A critical obstacle to the successful treatment of colorectal cancer (CRC) is chemoresistance. Chemoresistant CRC cells contribute to treatment failure by providing a mechanism of drug lethargy and modifying chemoresistance-associated molecules. The gut microbiota provide prophylactic and therapeutic effects by targeting CRC through anticancer mechanisms. Among them, Lactobacillus plantarum contributes to the health of the host and is clinically effective in treating CRC. This study confirmed that 5-fluorouracil (5-FU)-resistant CRC HCT116 (HCT116/5FUR) cells acquired butyrate-insensitive properties. To date, the relationship between 5-FU-resistant CRC and butyrate resistance has not been elucidated. Here, we demonstrated that the acquisition of butyrate resistance in HCT116/5FUR cells was strongly correlated with the inhibition of the expression and function of SMCT1, a major transporter of butyrate in colonocytes. L. plantarum-cultured cell-free supernatant (LP) restored the functional expression of SMCT1 in HCT116/5FUR cells, leading to butyrate-induced antiproliferative effect and apoptosis.

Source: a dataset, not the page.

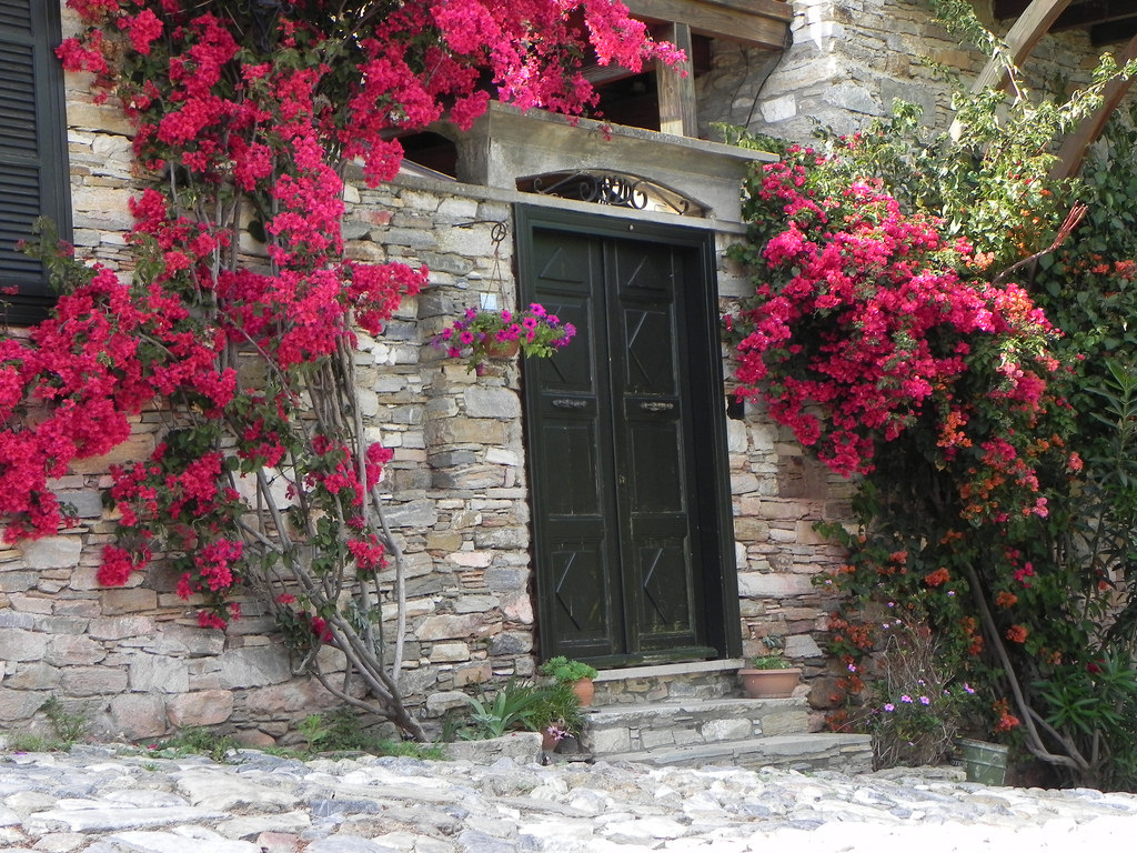 رَكنّا سيارتنا عند مدخل القرية حيث ينتهي عنده الطريق الإسمنتي، وبدأنا بمشاهدة أزقة القرية المرصوفة بالحجارة، تابعنا المسير لنرى منازل القرية الأثرية المبنية على الطرازين العثماني والرومي والمنتشرة بين الأشجار والنباتات الخضراء والأزهار الملونة.

These results suggest that LP has a synergistic effect on the SMCT1/butyrate-mediated tumor suppressor function and is a potential chemosensitizer to overcome dual 5-FU and butyrate resistance in HCT116 cells.
Keywords: 5-FU resistance; HDAC inhibition; Lactobacillus plantarum; SMCT1; butyrate resistance; colorectal cancer cell; combination therapy; multidrug resistance; tumor suppression.
© 2022. The Microbiological Society of Korea.